We run nightly backups on all our servers from a Windows 2008 file server, which runs robocopy scripts to perform differential backups via Samba file shares. The particular backup I am having issues with is for a Linux shared webserver.

The peculiar thing about backing up this particular server is that it is using a recursive file structure, using symbolic links. The reason for this is that the server is running suPHP in a chroot jail, and a recursive file structure is required in order to trick suPHP into working.

An example of the directory structure is like so:

Home directory for user: /home/websites/wwww.customersite.com/home/wwww.customersite.com/

Their website is in: /home/websites/www.customersite.com/home/www.customersite.com/public_html/

The recursion begins at: /home/websites/www.customersite.com/home/websites/

And so when this recursion begins, in my robocopy log I see entries like so:

\\10.230.0.25\backup-share\home\websites\customer\home\websites\customer\home\websites\customer\home\websites\customer\home\websites\customer\home\websites\customer…

Now, it does seem that it goes on like that for a while and then reaches some directory depth limit, and actually backs up the file. But I would like to get rid of this as it's causing the backups to run into day-time quite extensively, and no doubt putting extra load on the server.

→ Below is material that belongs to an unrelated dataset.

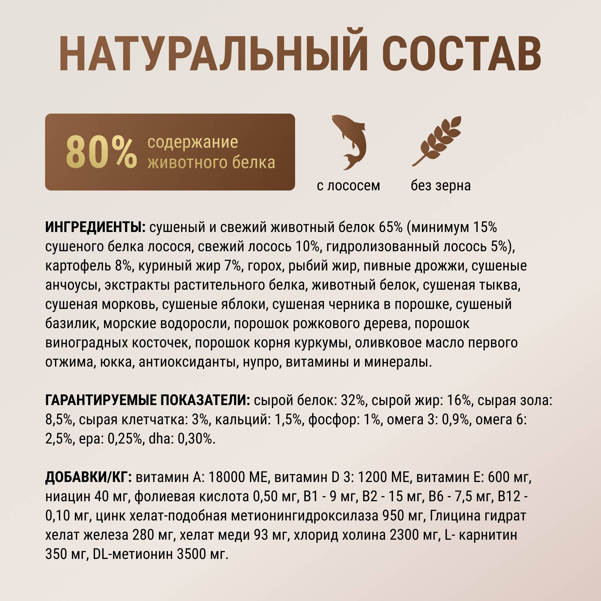 - Приготовлен из свежего мяса лосося с добавлением сушеных овощей и витаминно-минеральных комплексов;

…\home\websites\customer\home\websites\customer\home\websites\customer\home\customer\public_html\administrator\components\com_jce\img\

What I've Tried

I've seen this kind of recursive file structure issue using robocopy before copying from Windows Vista+ based systems. For example, this issue when backing up C:\Users:

https://superuser.com/questions/478882/delete-recursive-directory-created-by-robocopy-when-the-file-name-is-too-long

As mentioned there, I've been previously able to use /XJ to resolve the issue. However, I'm guessing that since the files are being copied from a Linux system, the recursive sym-link does not appear as a junction-point to robocopy.

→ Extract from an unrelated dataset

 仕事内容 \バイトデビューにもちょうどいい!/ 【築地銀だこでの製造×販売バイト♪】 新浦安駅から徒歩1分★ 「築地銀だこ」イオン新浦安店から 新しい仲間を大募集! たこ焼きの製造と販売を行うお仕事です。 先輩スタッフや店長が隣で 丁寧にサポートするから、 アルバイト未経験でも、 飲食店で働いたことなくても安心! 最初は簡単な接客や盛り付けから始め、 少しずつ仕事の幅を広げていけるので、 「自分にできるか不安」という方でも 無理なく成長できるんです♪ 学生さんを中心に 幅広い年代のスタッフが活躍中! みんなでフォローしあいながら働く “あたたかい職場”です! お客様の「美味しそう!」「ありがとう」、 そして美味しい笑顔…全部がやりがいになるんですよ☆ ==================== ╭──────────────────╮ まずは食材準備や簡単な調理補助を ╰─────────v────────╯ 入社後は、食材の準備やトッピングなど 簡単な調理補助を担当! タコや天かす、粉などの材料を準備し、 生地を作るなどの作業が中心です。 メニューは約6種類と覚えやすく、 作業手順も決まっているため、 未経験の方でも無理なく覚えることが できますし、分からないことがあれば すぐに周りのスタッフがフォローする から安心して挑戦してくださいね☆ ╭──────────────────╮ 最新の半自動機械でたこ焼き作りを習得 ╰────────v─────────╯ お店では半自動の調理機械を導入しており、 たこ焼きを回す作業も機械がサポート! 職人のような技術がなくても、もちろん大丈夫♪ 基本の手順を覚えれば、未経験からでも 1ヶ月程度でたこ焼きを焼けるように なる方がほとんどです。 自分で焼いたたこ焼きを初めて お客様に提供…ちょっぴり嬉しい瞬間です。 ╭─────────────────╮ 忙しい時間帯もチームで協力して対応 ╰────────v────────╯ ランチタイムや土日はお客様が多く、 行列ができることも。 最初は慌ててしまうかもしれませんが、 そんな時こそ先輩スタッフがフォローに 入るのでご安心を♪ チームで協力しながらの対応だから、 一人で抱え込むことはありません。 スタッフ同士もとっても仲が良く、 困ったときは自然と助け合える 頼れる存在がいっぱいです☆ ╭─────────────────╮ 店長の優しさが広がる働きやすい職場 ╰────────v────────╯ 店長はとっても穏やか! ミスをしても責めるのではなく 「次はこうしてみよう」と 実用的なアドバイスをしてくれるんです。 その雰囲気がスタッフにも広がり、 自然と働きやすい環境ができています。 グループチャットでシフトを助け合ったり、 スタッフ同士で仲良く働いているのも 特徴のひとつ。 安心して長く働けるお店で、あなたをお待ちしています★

I haven't found a way to make the sym-link appear as junction points as of yet.

Of course, I can't see a way of using /XD here either, since I need to be able to backup all data in /home/websites/ so doing /XD /home/websites/ would surely negate the backup of that folder.

Ideally, I'd want something like:

/XD /home/websites/.+/home/websites/.+

Or even just:

/XD /home/websites/.+/home/websites/

Any help appreciated.

Thanks!

Best Answer

Perhaps an rsync cron job on the linux server that dumps it to a tar that your robocopy can grab? Then you can simply exclude that entire original path.

For me I do the following:

I have a few Linux servers were I just need ETC and a few folders backed up. I do an rsync to tar and then use PSCP to simply grab the tar file (since it will change nightly). Then my PSCP script deletes anything it grabbed over 7 days old (since the Windows backups grab the "dumped to" folder, so technically I have backups of the backup offsite.

Hope that helps.